A newly released report provides evidence of China's heinous crime of removing Uyghur teenagers from their families and completely sinicizing them through forced assimilation.
On July 19, a report titled "Massive Kidnapping and Forced Assimilation of Uyghur Teenagers in China" was published on the official website of the "East Turkistan National Interest Center". This report details the unprecedented historical repression taking place in East Turkistan, and shows strong evidence that Chinese Uyghur teenagers have been taken from their families for the purpose of sinicization and forced assimilation.
The report was jointly prepared by Dr. Magnus Fiskecio from Cornell University and independent researcher Mrs. Rukia Turdush. The report emphasizes that the largest crimes of child abduction and forced assimilation are currently taking place in East Turkistan under Chinese colonial rule. The report states that China has carried out a series of mass abductions targeting Uyghur, Kazakh, and other Turkic children in East Turkistan as part of China's crackdown on the region.
The report shows that although China started mass abductions in 2017, China's suppression actually started in 1949. China's removal of Uyghur children from their families can be traced back to China's immigration-colonial policies.

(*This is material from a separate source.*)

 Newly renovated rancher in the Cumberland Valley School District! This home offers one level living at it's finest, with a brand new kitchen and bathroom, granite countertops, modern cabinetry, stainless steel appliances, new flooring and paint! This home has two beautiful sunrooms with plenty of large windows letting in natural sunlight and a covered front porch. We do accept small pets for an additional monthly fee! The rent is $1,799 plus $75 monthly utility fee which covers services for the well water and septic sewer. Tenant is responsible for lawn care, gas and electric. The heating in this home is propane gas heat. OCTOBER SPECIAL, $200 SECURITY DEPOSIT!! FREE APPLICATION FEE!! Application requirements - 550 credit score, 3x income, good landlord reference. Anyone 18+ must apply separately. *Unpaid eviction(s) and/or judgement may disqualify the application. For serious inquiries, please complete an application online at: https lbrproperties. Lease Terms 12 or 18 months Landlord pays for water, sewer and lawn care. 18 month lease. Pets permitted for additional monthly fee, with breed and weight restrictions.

This crime affects hundreds of thousands of children in China.
According to the report, China sent Uyghur teenagers to so-called "special schools" and forcibly separated them from their families, relatives, language, and cultural environment, and prevented them from using their own language and writing.

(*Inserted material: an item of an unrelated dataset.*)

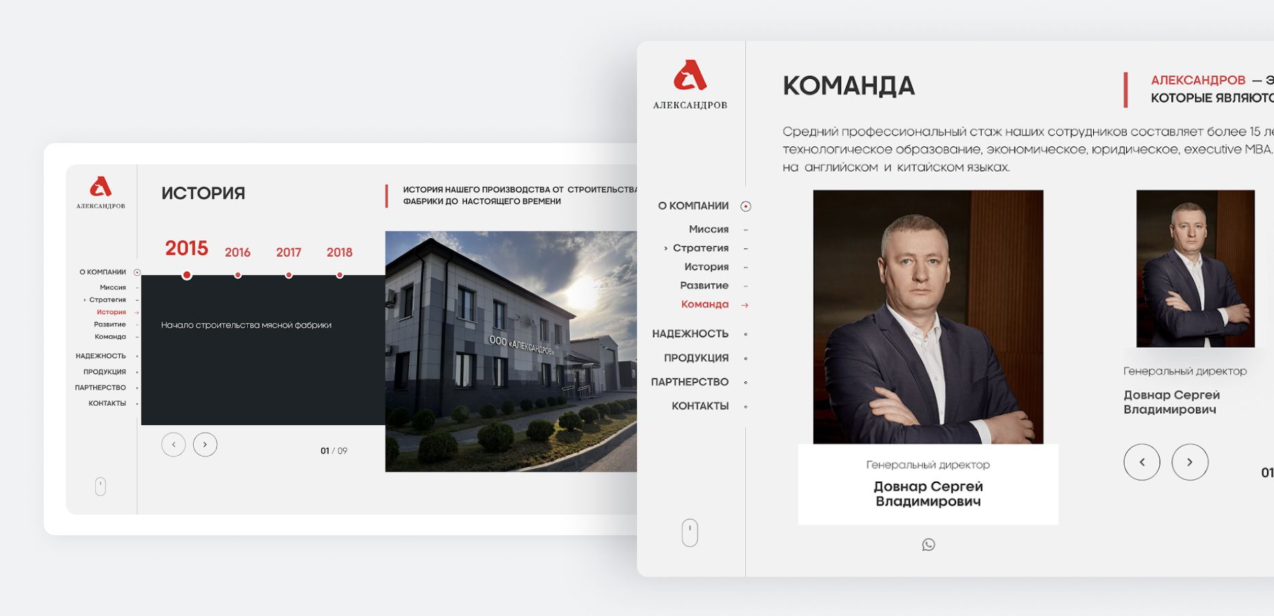 - слайдер с историей компании;

According to the report, Uyghur teenagers who disobeyed China's rule were punished with beatings and torture. According to witnesses who recently testified about this, Uyghur teenagers were separated from their culture and mother tongue, so they forgot their mother tongue within two years and became unable to speak in their mother tongue.
The evidence in this report about the crimes of suppression and separation of Chinese Uyghur children from their families is taken from different sources. Among them are statements of witnesses, photos, and videos of guards in the so-called "Daryletham." In addition, details of China's crimes have been confirmed by Chinese social media and China's relevant authorities.
The authors prepared this report in conjunction with the October 27, 2023 event at Cornell University titled "Uyghur Youth in China's Genocide Movement."
Previously published reports on this matter also revealed that China had organized a children's camp under the name of "Yesli" by hiding Uyghur teenagers in abandoned government buildings and closed mosques in various places in East Turkistan. In order to hide these crimes from the international community, China has been naming its children's camps as the so-called "garden of angels," forbidding Uyghur teenagers from speaking their native language, forcibly separating children from their families when they cannot speak their language, and training them to be completely Chinese, completely separating them from their ethnic and religious identity. They are trying to assimilate and scale up their children's camps.